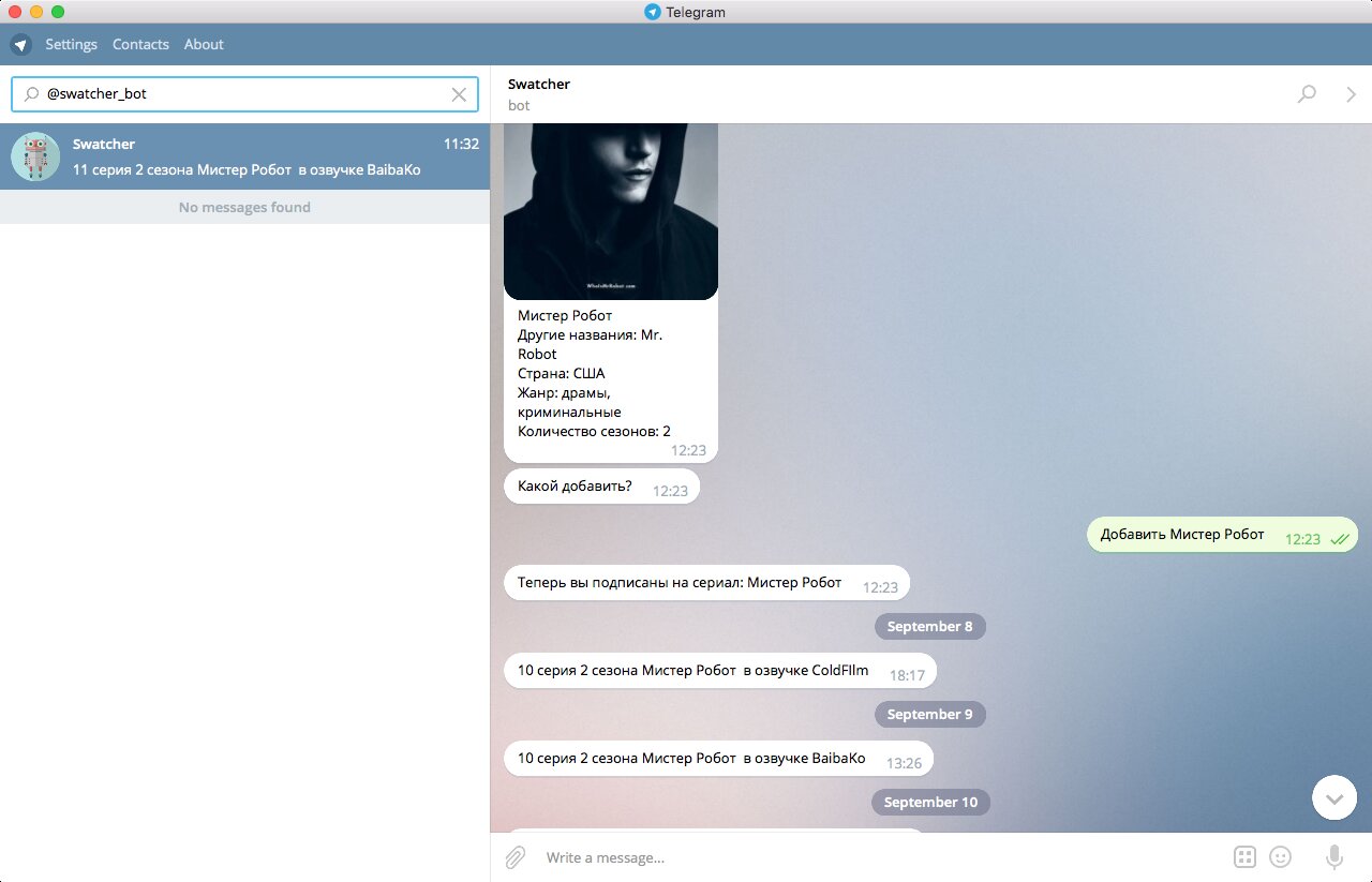 Если ты подсел на какой-нибудь идущий сейчас зарубежный сериал и хочешь знать, когда уже наконец выйдет новая серия, добавляй себе @swatcher_bot. Пишешь ему название сериала, он уточняет запрос и подписывает тебя на информацию о выходе новых серий. Когда какая-то из релиз-групп опубликует перевод, тебе поступит уведомление. Увы, подписаться на конкретную группу нельзя, так что о каждой серии ты будешь узнавать раза по четыре. Ссылок на скачивание тоже не дают.
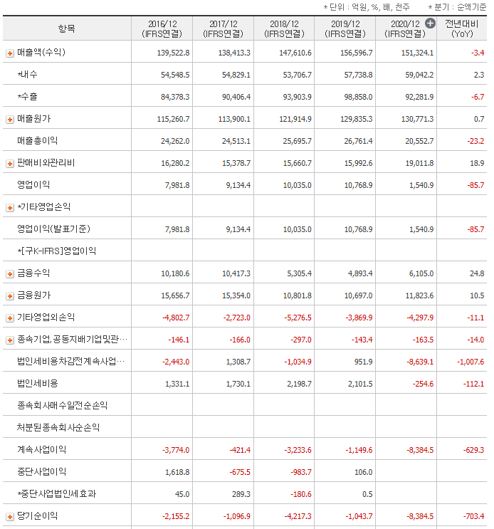 아래 차트는 네이버 금융에서 두산중공업을 검색하고 "종목분석" 탭을 클릭후 "재무분석"을 선택한다. 그리고 "포괄손익계산서"를 클리하면 아래와 같이 나온다.
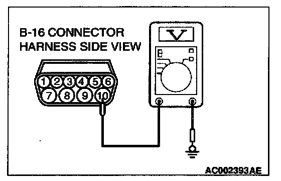 STEP 1. Check the output circuit voltage at park/neutral position switch connector B-16 by backprobing.
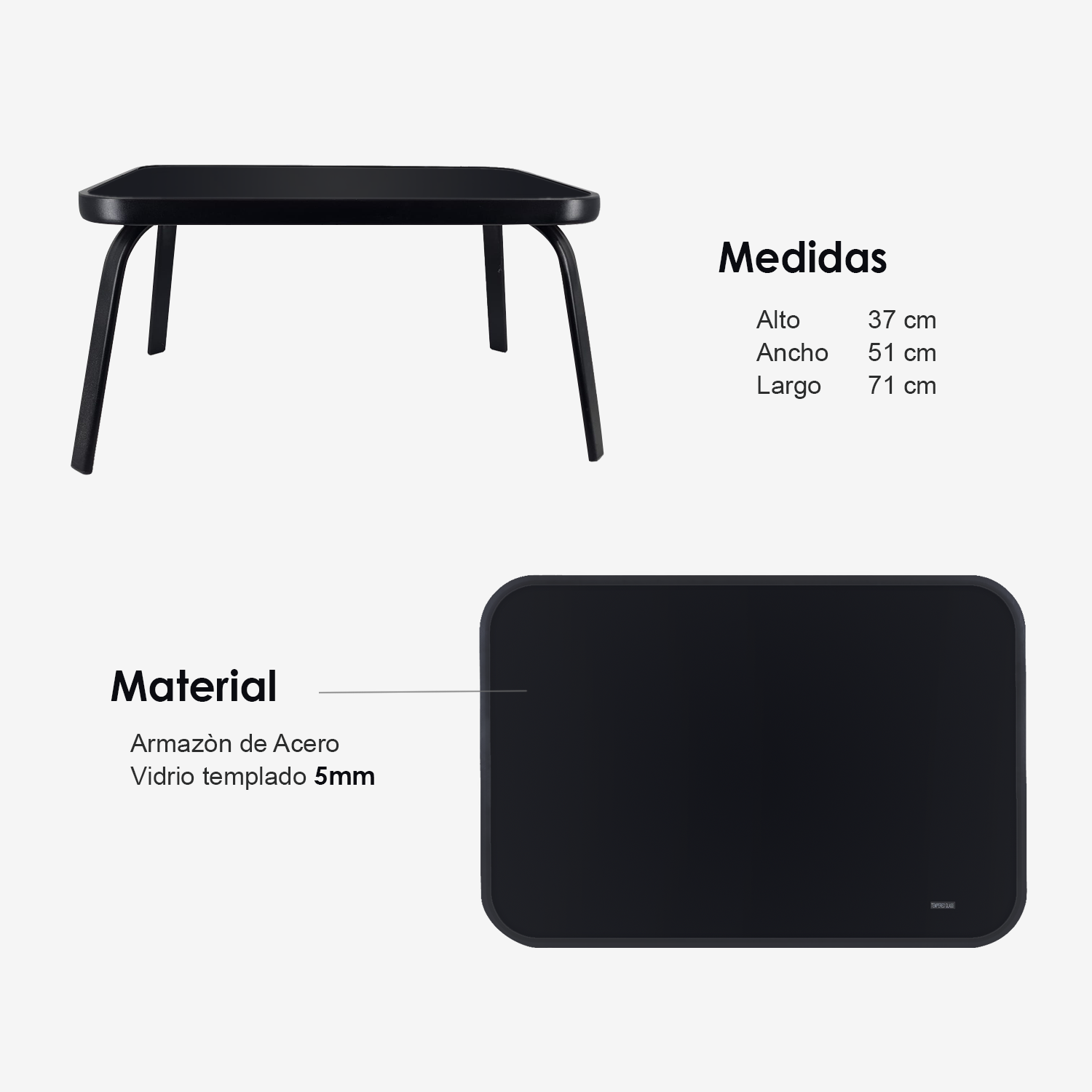 Mesa: Rectangular de acero con pintura epoxi, vidrio templado de 5 mm de espesor. Dimensiones: 71 x 51 x 38 cm.
☆ ☆ ☆
§ **Prompt**
Pictures stay out. Return exactly the lines from the one with "아래 차트는 네이버 금융에서" through the last line of the data.

§ **Result of this task**
 아래 차트는 네이버 금융에서 두산중공업을 검색하고 "종목분석" 탭을 클릭후 "재무분석"을 선택한다. 그리고 "포괄손익계산서"를 클리하면 아래와 같이 나온다.
 STEP 1. Check the output circuit voltage at park/neutral position switch connector B-16 by backprobing.
 Mesa: Rectangular de acero con pintura epoxi, vidrio templado de 5 mm de espesor. Dimensiones: 71 x 51 x 38 cm.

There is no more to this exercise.